La respuesta no es fácil y hay que matizar mucho. En primer lugar, si no estaremos hablando del derecho de secesión, cosa distinta del derecho de autodeterminación. El derecho a separarse y crear un nuevo Estado no se recoge en el Derecho Internacional ni es frecuente en el derecho interno. Desde luego, no aparece en la Constitución Española, ni suele aparecer en otras constituciones. Una excepción fue la Unión Soviética, que desapareció precisamente al ser ejercitado el derecho a la separación de sus repúblicas.
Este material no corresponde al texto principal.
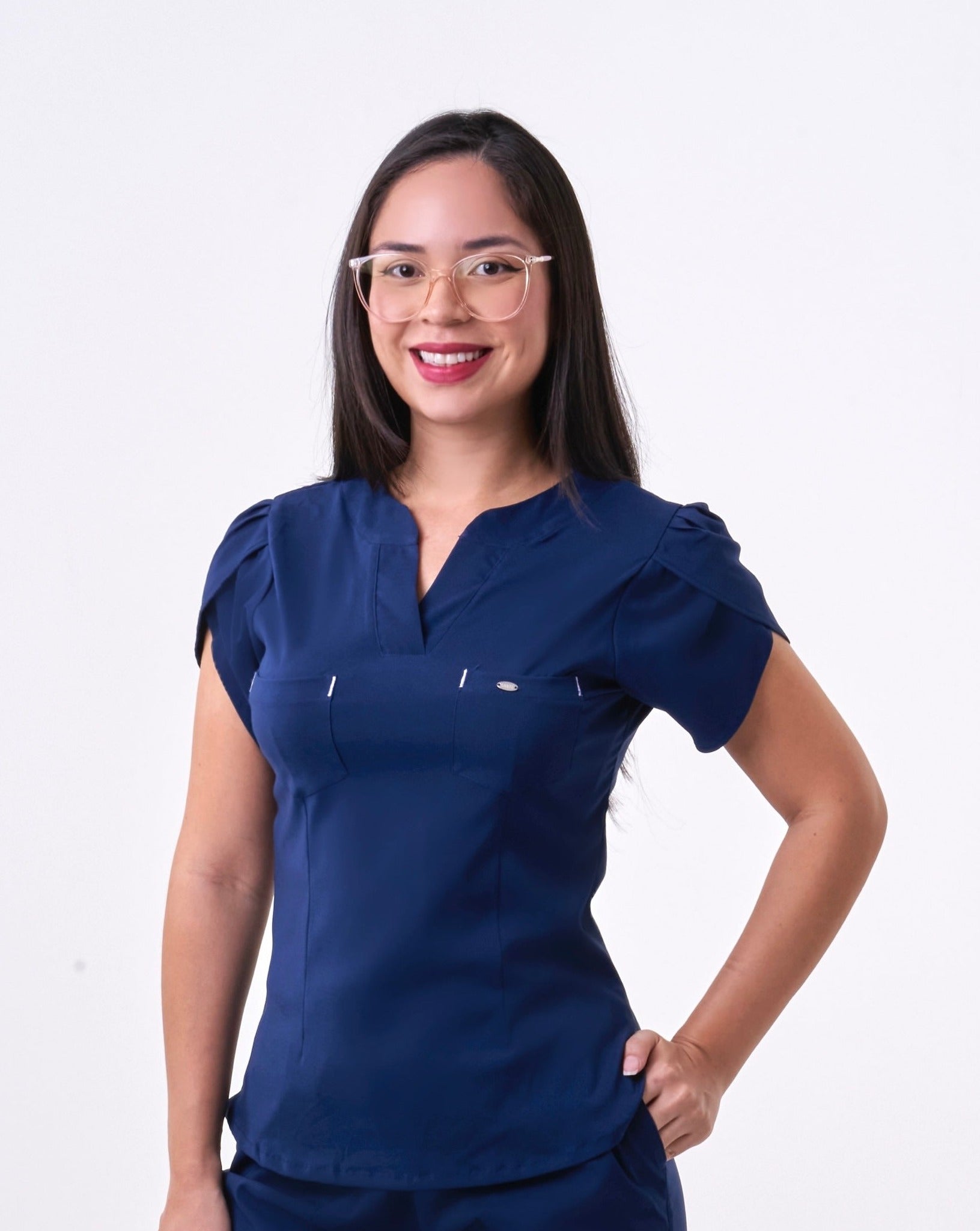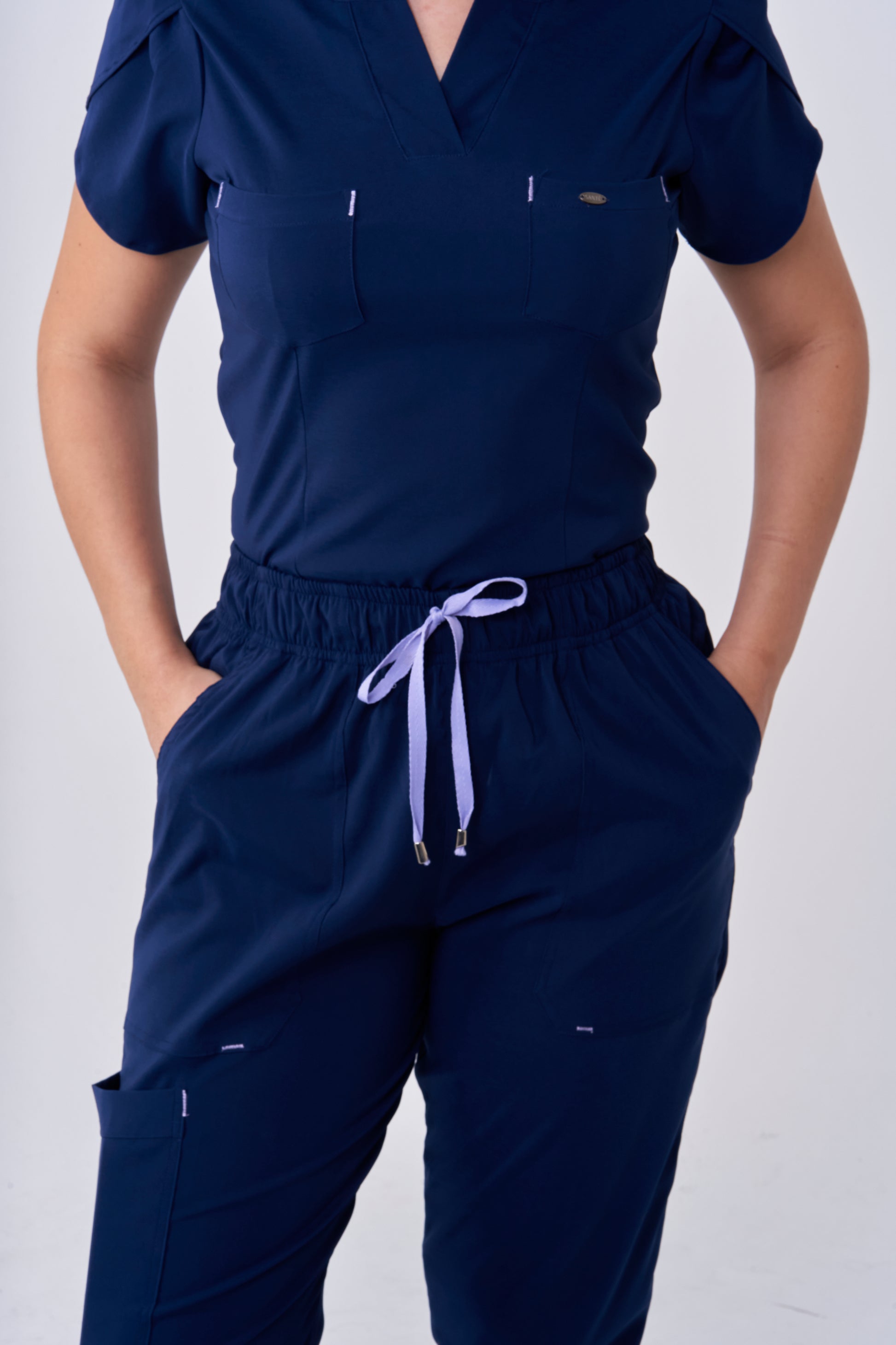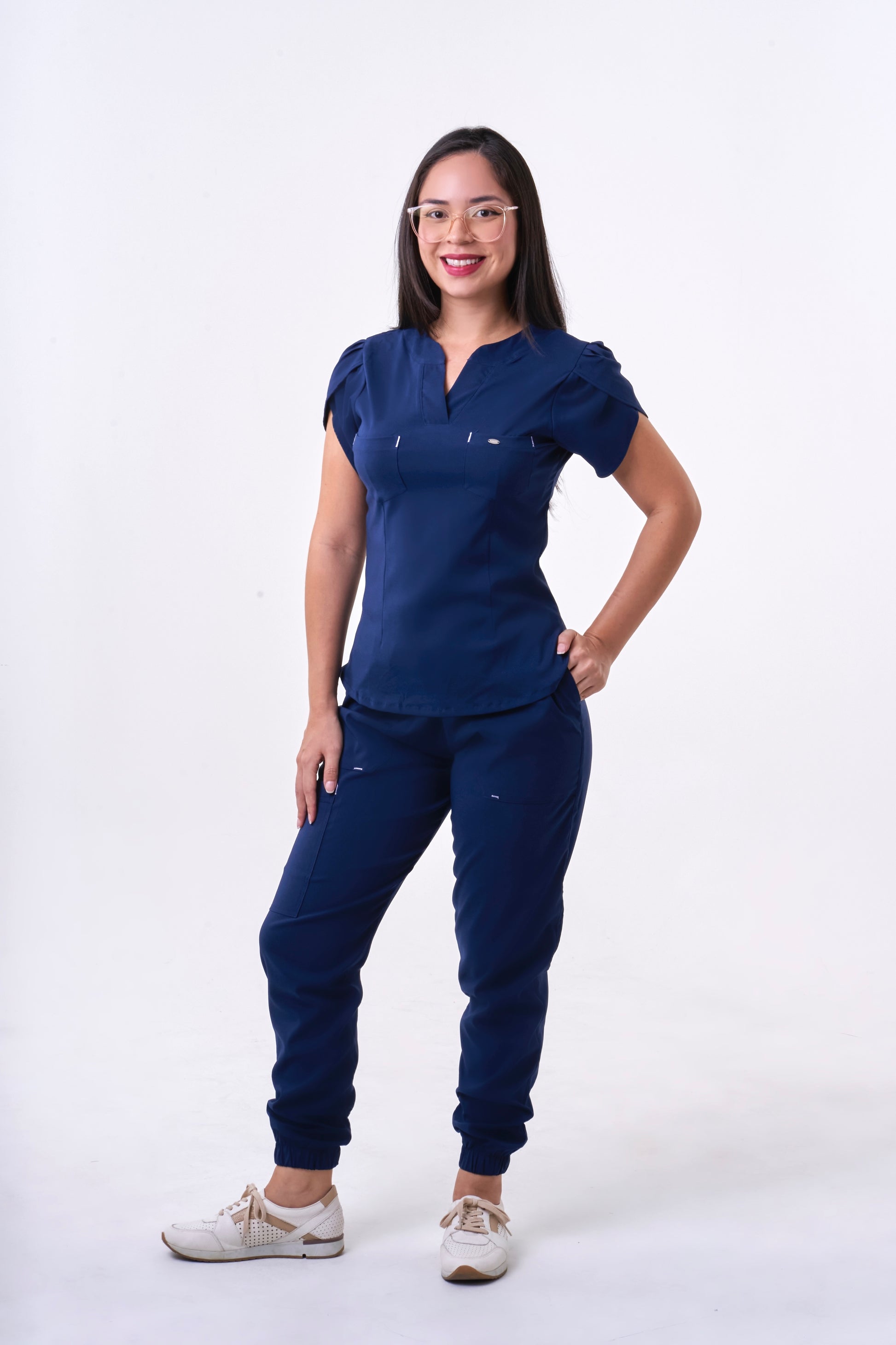 Uniforme con blusa de mangas estilo tulipán, cuello mandarín, bolsillos camiseros y opción de pantalón estilo jogger o recto.

Con el derecho de secesión pasa lo mismo que con el de autodeterminación: que no se puede reclamar para Catalunya con base en ninguna norma positiva. Ahora bien, por la misma lógica democrática diremos que si una comunidad humana realmente quiere separarse de un Estado, habrá que buscar los medios normativos; como mínimo, una reforma constitucional y una consulta popular para saber si efectivamente la mayoría quiere la secesión.
Para hablar de existencia de un derecho (autodeterminación, secesión) hay que encontrar a su titular. Si es un sujeto colectivo, habrá que exigirle unos mínimos para ser identificado. Fundamentalmente, que ese colectivo sea capaz de formar y expresar una voluntad. Para ello serán necesarios unos órganos más o menos representativos y unos cauces de participación de sus miembros. Y, por supuesto, que los miembros del colectivo también estén identificados y se reconozcan como tales a sí mismos.  Este es el punto importante en el que ahora estamos.  Tenemos un Parlament con una clara identificación Nacionalista y con un mandato democratico libremente expresado.
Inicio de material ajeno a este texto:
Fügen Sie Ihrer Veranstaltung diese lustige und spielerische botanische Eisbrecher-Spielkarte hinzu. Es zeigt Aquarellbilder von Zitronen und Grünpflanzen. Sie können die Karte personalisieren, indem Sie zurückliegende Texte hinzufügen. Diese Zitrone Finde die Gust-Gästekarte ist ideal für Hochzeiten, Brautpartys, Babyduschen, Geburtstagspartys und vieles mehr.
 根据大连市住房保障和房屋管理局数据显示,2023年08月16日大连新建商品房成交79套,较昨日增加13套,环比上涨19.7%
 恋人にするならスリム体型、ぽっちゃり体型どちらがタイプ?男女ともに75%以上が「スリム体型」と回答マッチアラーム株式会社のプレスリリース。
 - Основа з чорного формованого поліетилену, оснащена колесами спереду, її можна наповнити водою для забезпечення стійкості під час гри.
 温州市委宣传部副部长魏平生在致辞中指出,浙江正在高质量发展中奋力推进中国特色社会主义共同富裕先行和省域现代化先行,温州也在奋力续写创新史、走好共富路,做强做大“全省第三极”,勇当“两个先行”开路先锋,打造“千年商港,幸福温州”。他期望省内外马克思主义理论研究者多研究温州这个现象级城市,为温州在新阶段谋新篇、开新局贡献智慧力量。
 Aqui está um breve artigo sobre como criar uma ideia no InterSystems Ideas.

Finalmente, quiero señalar que una posible secesión o independencia de cualquier parte de España hoy no es posible sin una reforma constitucional. El art. 2 de la Constitución establece "la indisoluble unidad de la Nación española". Que se establezca la unidad es lógico, porque sin la existencia de una comunidad humana organizada políticamente no tendría sentido la propia Constitución. Pero que califique de indisoluble la nación revela más un deseo influido por ciertos mitos nacionalistas (la nación como realidad eterna) que un hecho. Todas las naciones, como las civilizaciones y como las personas, nacen, crecen y mueren. La historia es despiadada, y como todas las demás naciones España algún día, pronto o tarde, desaparecerá, bien para fragmentarse o bien para integrarse en una comunidad superior.